> **WHAT IS REQUIRED**
Please repeat only the lines below starting at the line that holds "Зеркало-шкаф с подсветкой" and ending at the line that holds "Botão Interruptor Vidro", exactly, with both of those lines included and every picture omitted.

> **GIVEN DATA**
++++
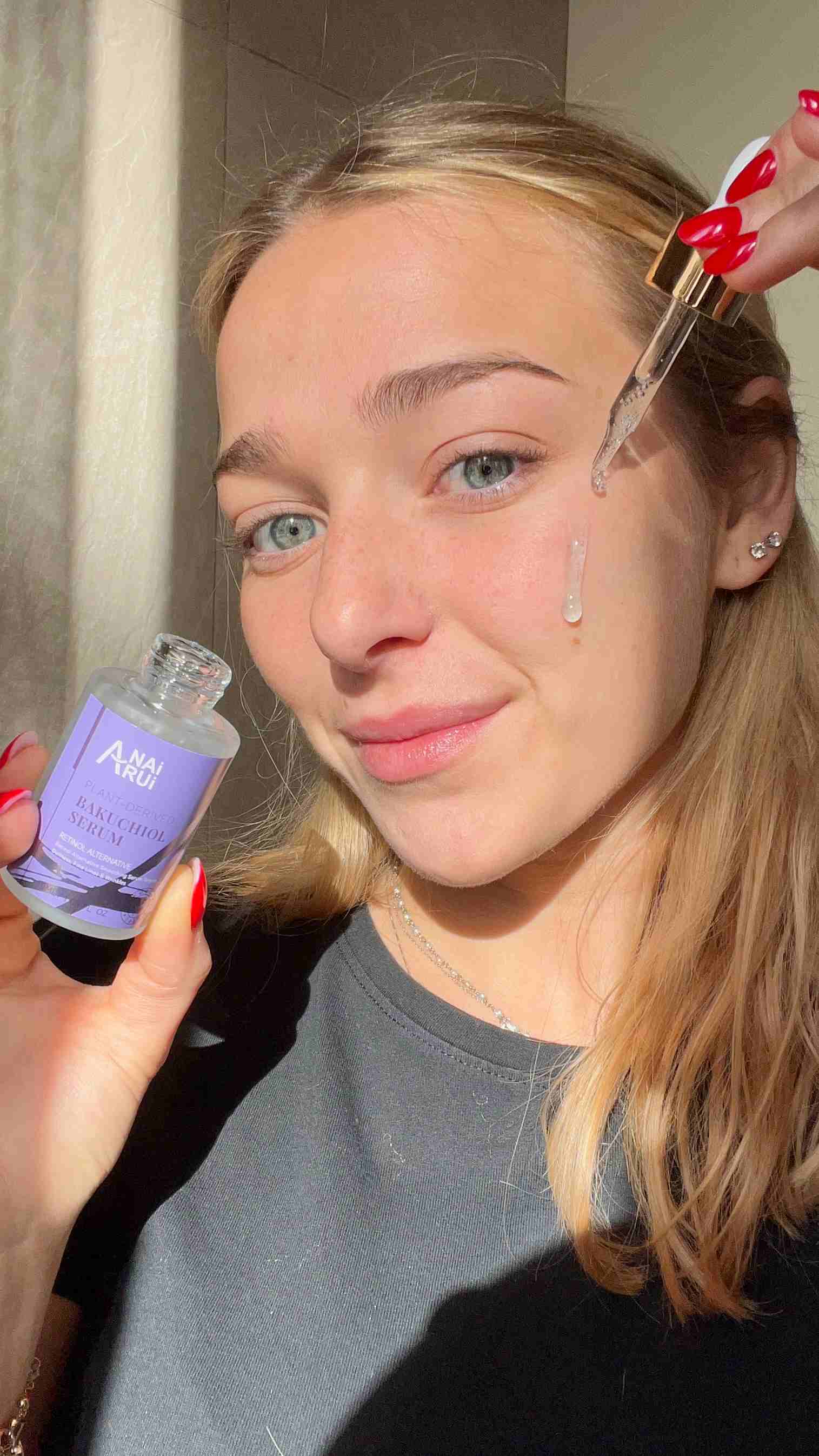 Step 1: Clean your skin, apply 2–3 drops of bakuchiol serum to your fingertips, and smooth it onto cleansed skin morning and night.
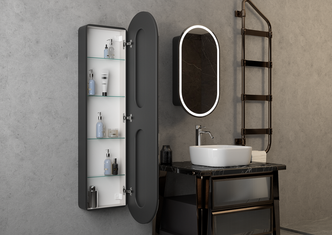 Зеркало-шкаф с подсветкой Continent Elmage Black МВК048 45см чёрный купить
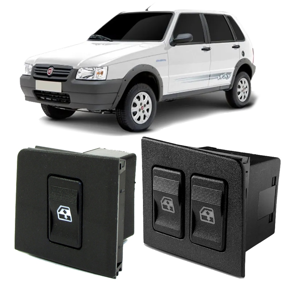 Botão Interruptor Vidro Elétrico Simples / Duplo - Fiat Uno, Fiorino Prêmio e Elba / LED Verde
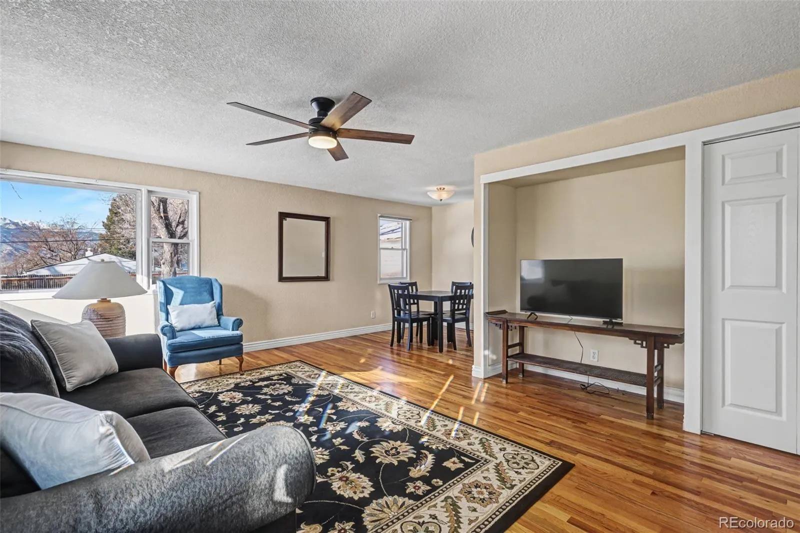 Welcome to this charming ranch-style home situated on just under a quarter-acre in a highly convenient, central Colorado Springs location. The fenced yard offers privacy and space, complemented by mature trees that create a peaceful outdoor setting. Enjoy easy access to shops, schools, grocery stores, military bases and local amenities, with the added benefit of being centrally located for effortless travel throughout the city. Inside, the home has been refreshed with new interior paint and updated ceiling fans in the living room and all three bedrooms. Upon entry, you’re greeted by a spacious, light-filled living room featuring beautiful natural light and stunning views of Pikes Peak and the Rocky Mountains. Hardwood floors flow throughout the home and are in excellent condition. The kitchen includes a refrigerator, dishwasher, disposal, and oven/range, and opens to a dedicated laundry room with washer and dryer included, along with ample storage space. The primary bedroom features hardwood flooring and a generous double-wide closet, while two additional bedrooms also offer hardwood floors and mountain views. A full bathroom includes tile flooring and a vanity with storage. Step outside to the spacious concrete back patio—ideal for relaxing or entertaining—surrounded by mature trees and tranquil views. Completing the property is a detached, oversized, drywalled one-car garage, providing additional storage or workspace. Make this centrally located, charming home yours!
++++
> **ANSWER FOR THIS EXERCISE**
 Зеркало-шкаф с подсветкой Continent Elmage Black МВК048 45см чёрный купить
 Botão Interruptor Vidro Elétrico Simples / Duplo - Fiat Uno, Fiorino Prêmio e Elba / LED Verde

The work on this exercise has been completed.